On top of the abuse and neglect, denial heaps more hurt upon the child by requiring the child to alienate herself from reality and her own experience. In troubled families, abuse and neglect are permitted; it's the talking about them that is forbidden.

Minimization is a thinking error designed to protect the injured self, making one seem a little less injured. The need for it can lessen as the survivor can afford to embrace the full reality of the past. (Refraining from denial is an act of courage for survivors. They have to choose quite literally between being alienated from themselves and reality...or being alienated from family members who still deny abuse.)

Many survivors minimize their abuse by comparing their experience with others':
* At least it wasn't a parent, it was only my sibling/uncle/grandparent
* At least I was a teenager, not a toddler
* At least it didn't happen as much as in other families

Empathy for others is healthy only when balanced with empathy for the self. What good does it do to try to feel another's feelings if one cannot feel his own..?
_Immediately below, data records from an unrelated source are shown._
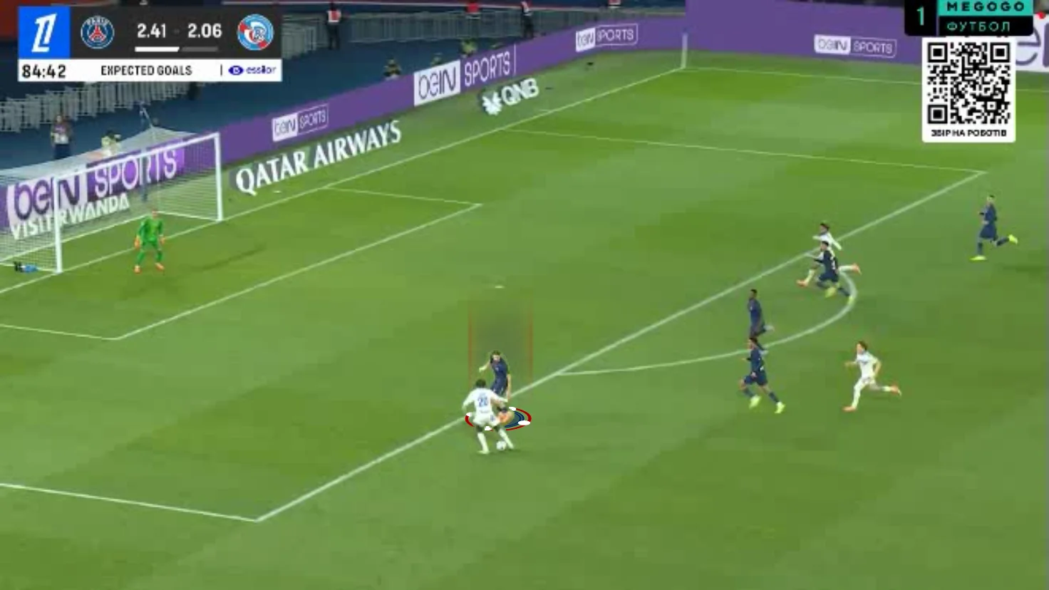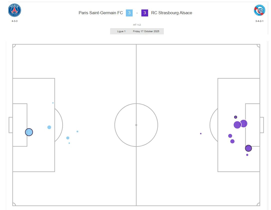 Виходить, що перший тайм проти Страсбура був не таким вже й жахливим на тлі попередніх, однак парижани набагато більше дозволяли біля власних воріт. Ельзасці дуже сміливо пресингували (це їхній звичний стиль), зробили 12 дотиків у карному майданчику, 8 ударів, 2 голи й 1,38 xG. Їхню агресію до перерви яскраво демонструє трекер очікуваної гостроти.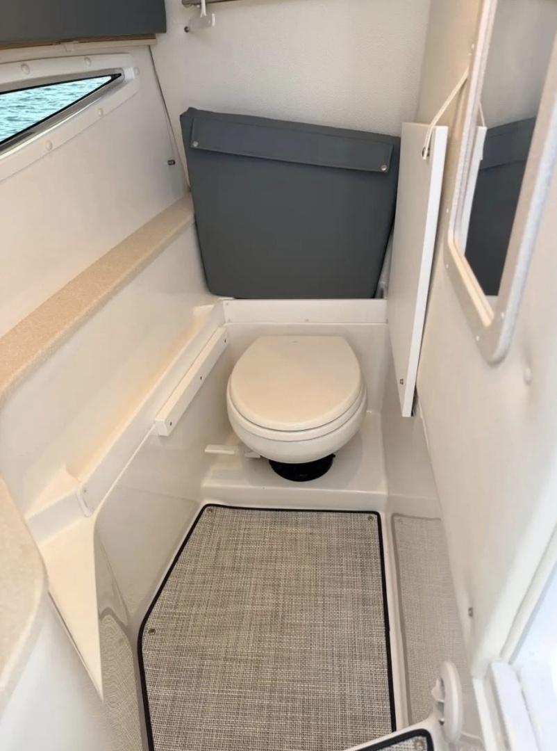 Below deck, you’ll find a comfortable cabin space ideal for escaping the sun or accommodating overnight stays, complete with a head and refined finishes that elevate the experience beyond your typical day boat.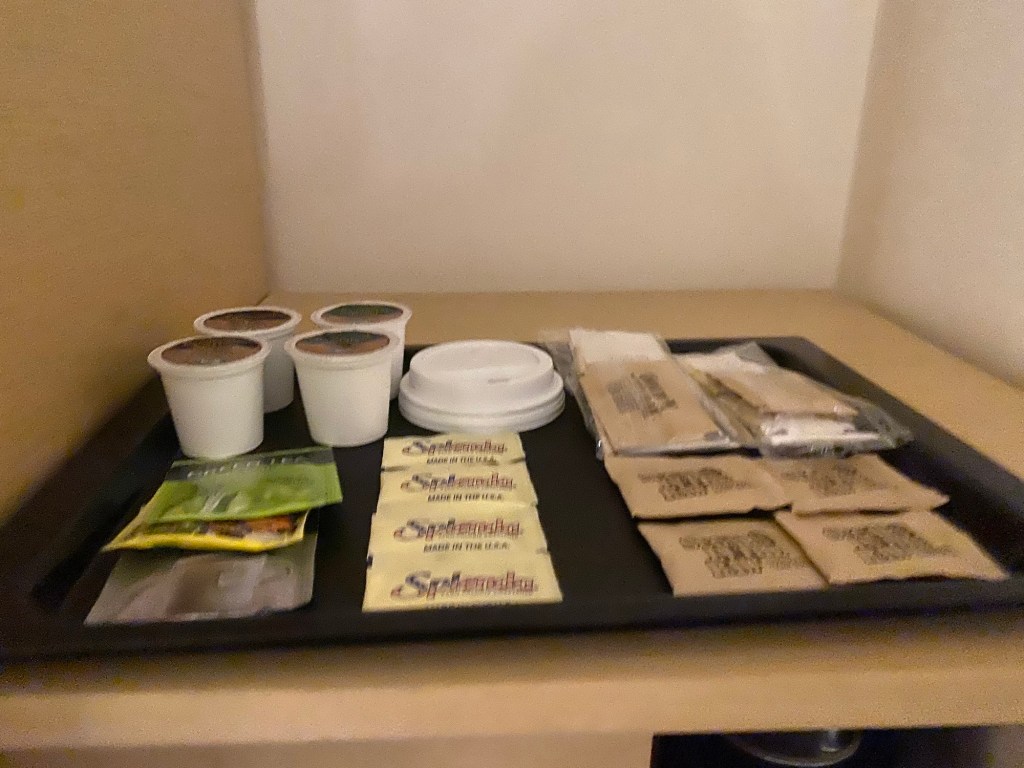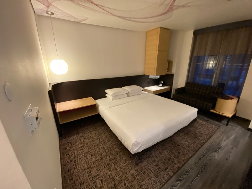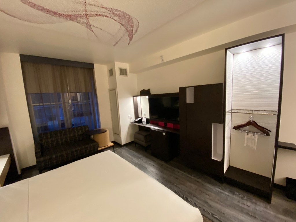 The hotel is located in a rather grey providing a bit of a forecourt. Inside the lobby was much more welcoming and colourful. Upon entering you could immediately smell a nice scent. As we arrived quite late the clerk helped us immediately for check-in, however as he was still new we had to wait for his supervisor to appear as our booking was apparently a bit more complicated than a standard booking. In the end we received our room keys and a (paid) late check-out of 15:00 (as our flight left JFK late).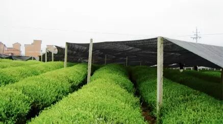 首先,“覆盖栽培”。在抹茶茶园,收获前大约1个月开始就需要搭建棚架,用遮光材料覆盖整片茶园,滤去90%的阳光。20天到1个月后,这些茶树新生的叶片中会生成更多的叶绿素,形态上也比普通茶叶更绿、更大、更薄、更嫩;同时叶片中以茶氨酸为主的氨基酸含量增加而导致甜味和鲜味的增加,儿茶素含量减少而导致苦涩味的降低,还有另一些对茶叶风味有影响的成分含量也会变得不同。这一特殊栽培方式赋予了原料鲜叶独特的翠绿色,还有那种不同于普通绿茶的天然甜味和海苔香。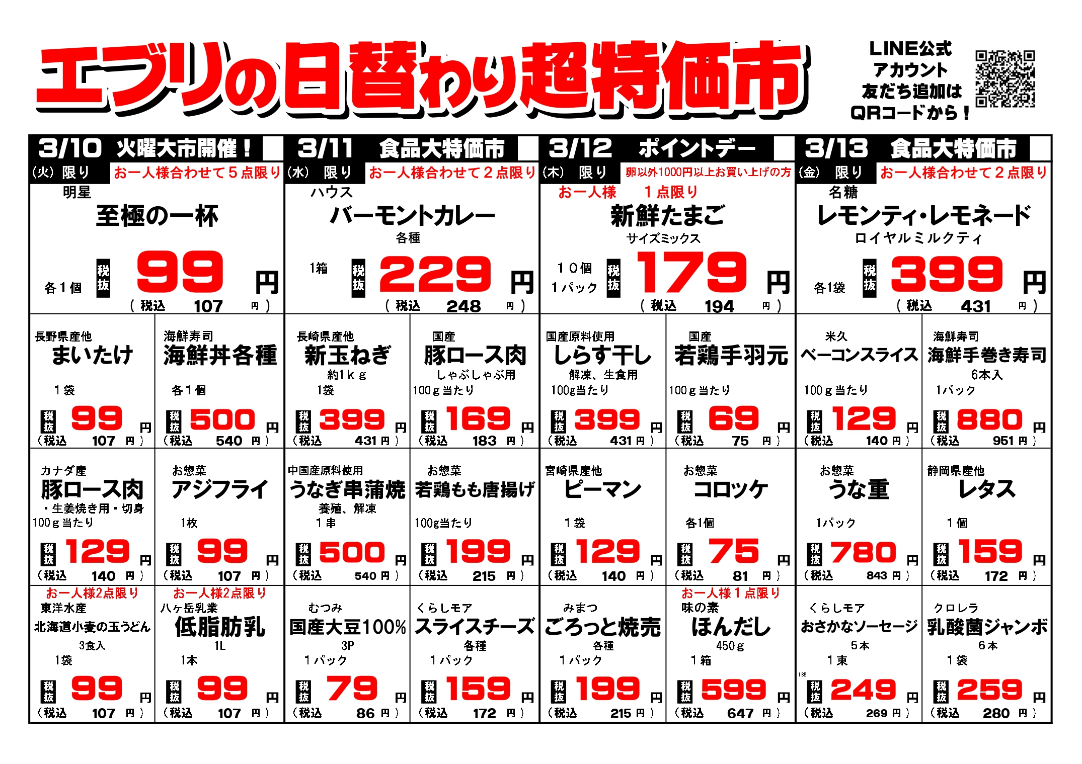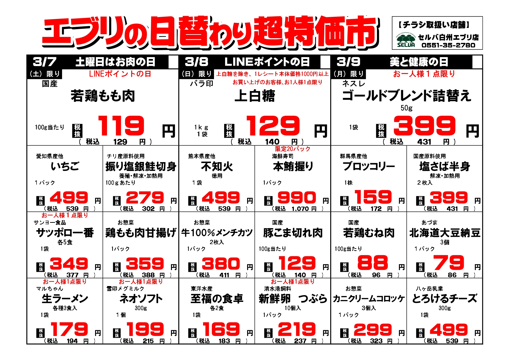 【3月7日~3月13日】セルバ白州エブリ店の超特価市

In troubled families, the thinking around who is responsible is convoluted at best. Abusive parents externalize, blaming other people, places and things for their behavior. They compensate by controlling everyone around them. But...in their heart of hearts...they feel out of control. They must blame others because it is too painful to take responsibility for their unhappiness. Children are easy targets because they cannot challenge their parent's thinking errors. Few children can argue when facing an enraged mother. Hearing accusations often enough, children come to believe that they are responsible for their parent's troubled behavior.

Unfortunately, children receive an internal psychological payoff when they believe the abuse is their fault...a false sense of power. The child can let the unfairness and danger of the violence shatter him, or he can tell himself, "I'm not frightened or angry or sad or helpless or innocent. There is nothing wrong with this situation. This is happening to me for a good reason. This is happening to me because I deserve it, because I provoked it, because I was put here on Earth to endure such things. There is really nothing out of the ordinary about this."

The child is doing the best he or she can do to make sense out of the abuse or neglect, by feeling guilty and responsible, thereby holding on to the illusion that he or she is in control of what is truly out of control. This illusion of power seems better than acknowledging that one has no power at all. Such pseudologic quells feelings of hurt, rage, terror, confusion or sadness...rationalizing them into a deep freeze.

The child's sense of guilt and responsibility is useful to the abusive parent, who believes he isn't abusive..that it is the child who forces him into being abusive. The nonprotective adults want the child to bear the guilt so they won't have to face the harm their neglect is causing. So...the dance of the violent family begins: Children are responsible for adult's behavior...adults are responsible for nothing.

Faced with random, senseless abuse, a child begins to think herself as inherently unlovable.

Believing oneself to be guilty, responsible, or in control of others' hurtful behavior can be a tenacious habit. Many survivors deal with any overwhelming experience - physical illness, abandoment by a friend or spouse, academic or job demands - by "comforting" themselves with the illusion that they are in fact in control and to blame. An enormous amount of energy is sapped by this irrational guilt.